Quick Care Facts
• Care Level: Moderate • Temperament: Aggressive • Maximum Size: 14"
• Minimum Tank Size: 75 gallons • Water Conditions: 74-82° F, pH 6.0-7.5, KH 4-8
• Diet: Omnivore • Origin: Nicaragua • Family: Cichlidae
• Species: Red Devils • Aquarium Type: Cichlid-New-World
Red Devil native habitat, distribution, behavior & aquarium compatibility.
Endemic to lakes and rivers throughout Eastern Nicaragua, Red Devils have vivid colors ranging from almost white, pale wine, yellow, peach, bright orange, to bright red and may have black blotches, black fins, and other various markings. They are immensely popular within the hobby due to their bright and varying coloration and extremely aggressive behavior as well as their intelligence and owner-responsiveness (similar to that of Oscars).
Their name is well earned and it definitely comes from their extreme bellicosity as well as the obvious fact that a lot of Red Devils end up with a bright red color form.
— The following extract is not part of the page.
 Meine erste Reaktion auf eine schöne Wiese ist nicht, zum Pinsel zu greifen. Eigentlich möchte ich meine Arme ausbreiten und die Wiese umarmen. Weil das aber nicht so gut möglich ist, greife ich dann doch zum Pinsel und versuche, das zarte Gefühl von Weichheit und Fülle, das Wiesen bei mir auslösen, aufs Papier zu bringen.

Males of the species will develop a nuchal hump on their head as they mature; the male can also be identified by being larger than the female as well as having pointed genital papilla while the female's is blunt.
Because of their popularity, they are always available locally and through online sources. Unfortunately (for the Red Devil purists), they are very similar to the Midas Cichlid (Amphilophus citrinellus) and they are often mistaken for each other; they have also been cross-bred over the years (unintentionally and intentionally) and most of the Red Devils and Midas Cichlids within main stream retail are actually hybrids of both species. Fortunately, true Red Devils are still available from trusted importers and breeders alike.
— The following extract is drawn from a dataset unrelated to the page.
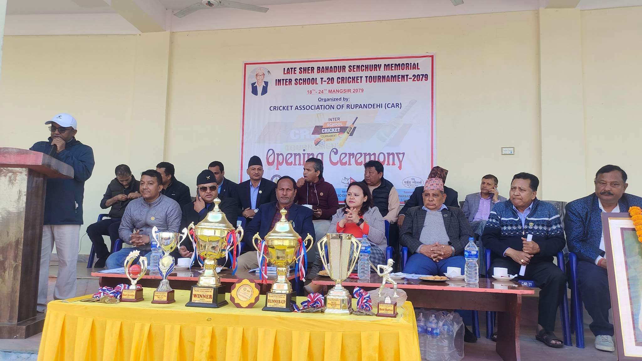 भैरहवा । रुपन्देहीको भैरहवामा आइतबारदेखि स्व.शेरबहादुर सेन्चुरी मेमोरियल अन्तरविद्यालय स्तरीय टी–२० क्रिकेट प्रतियोगिता सुरु भएको छ । रुपन्देही क्रिकेट संघको आयोजनामा सुरु प्रतियोगिताको उद्घाटन खेलमा एभरेष्ट बोर्डिङ स्कूल बुटवलले साइग्लोबल एकेडेमीलाई ९ विकेटले पराजित गर्दै विजयी सुरुवात गरेको छ ।

How to successfully keep Red Devils in the home aquarium.
Red Devils need to be housed in an aquarium of at least 75 gallons and prefer a smooth gravel substrate so they can play with it and redecorate. They should be provided with rock structure and/or driftwood for territory and hiding places, but as far as plants go, they should be attached to rocks or driftwood (Java Ferns and similar species) and floating Anacharis is always appreciated; most other plants will be dug up or destroyed, even if they are potted.
Red Devils are very hardy and aren't overly sensitive to water specifications, but they do usually prefer neutral conditions across the board and like any other fish, they will remain healthy if they have a clean tank with clean water (and these large cichlids can definitely add a lot of bio-load to the system); strong and efficient biological, chemical, and mechanical filtration is recommend (a quality, overpowered canister filter would be well suited for the task). Medium light intensity is sufficient and will help bring out their vivid coloration.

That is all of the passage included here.